Comment stocker la chaux aérienne sans altérer sa finesse ?
La chaux doit être stockée dans des contenants étanches à l’air et à l’humidité. Pour la poudre, des sacs multicouches ou des silos hermétiques sont indispensables. La pâte, elle, doit rester immergée sous une couche d’eau pour éviter la carbonatation prématurée.
Un mauvais stockage entraîne un durcissement progressif, une perte de réactivité et donc une altération de la granulométrie active.
Cela nous amène naturellement aux avantages et inconvénients d’une granulométrie très fine.

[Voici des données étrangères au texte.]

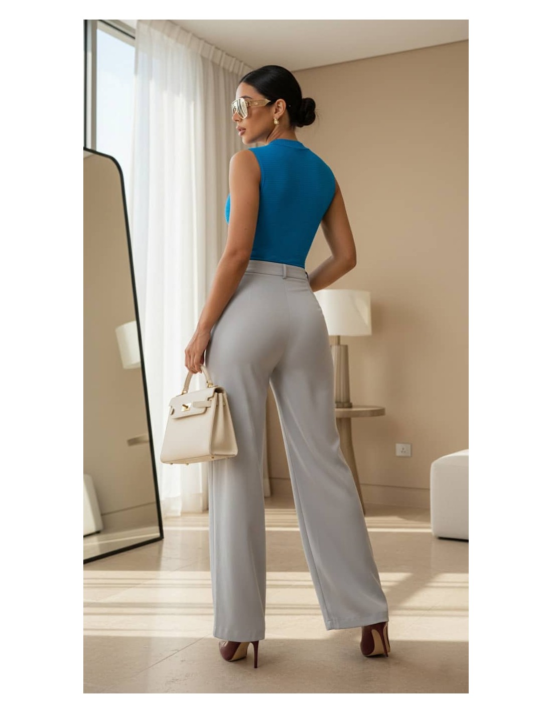 Su diseño moderno destaca por la cremallera frontal, que permite mayor practicidad al vestir y un estilo sofisticado que lo convierte en una pieza ideal para cualquier ocasión.

Quels sont les avantages et inconvénients d’une granulométrie très fine ?
Les avantages :
- Adhérence exceptionnelle aux supports,
- Texture lisse et homogène,
- Excellente respirabilité,
- Finition lumineuse et naturelle.
Les inconvénients :
- Temps de prise plus long,
- Moindre résistance mécanique,
- Sensibilité accrue à l’humidité avant carbonatation.
Ces nuances démontrent qu’il faut adapter la granulométrie à l’usage, sans chercher la finesse absolue, mais l’équilibre.
Conclusion
En résumé, la granulométrie de la chaux aérienne est un paramètre fondamental qui détermine sa finesse, sa plasticité et sa compatibilité avec les supports anciens. Mesurée en microns, elle influence directement la texture, la respiration et la durabilité des enduits.
Plus la chaux est fine, plus elle s’inscrit dans la logique des restaurations respectueuses et des finitions naturelles. Toutefois, chaque usage demande un dosage subtil entre finesse, résistance et cohésion — un équilibre que seuls la connaissance et l’expérience permettent d’atteindre.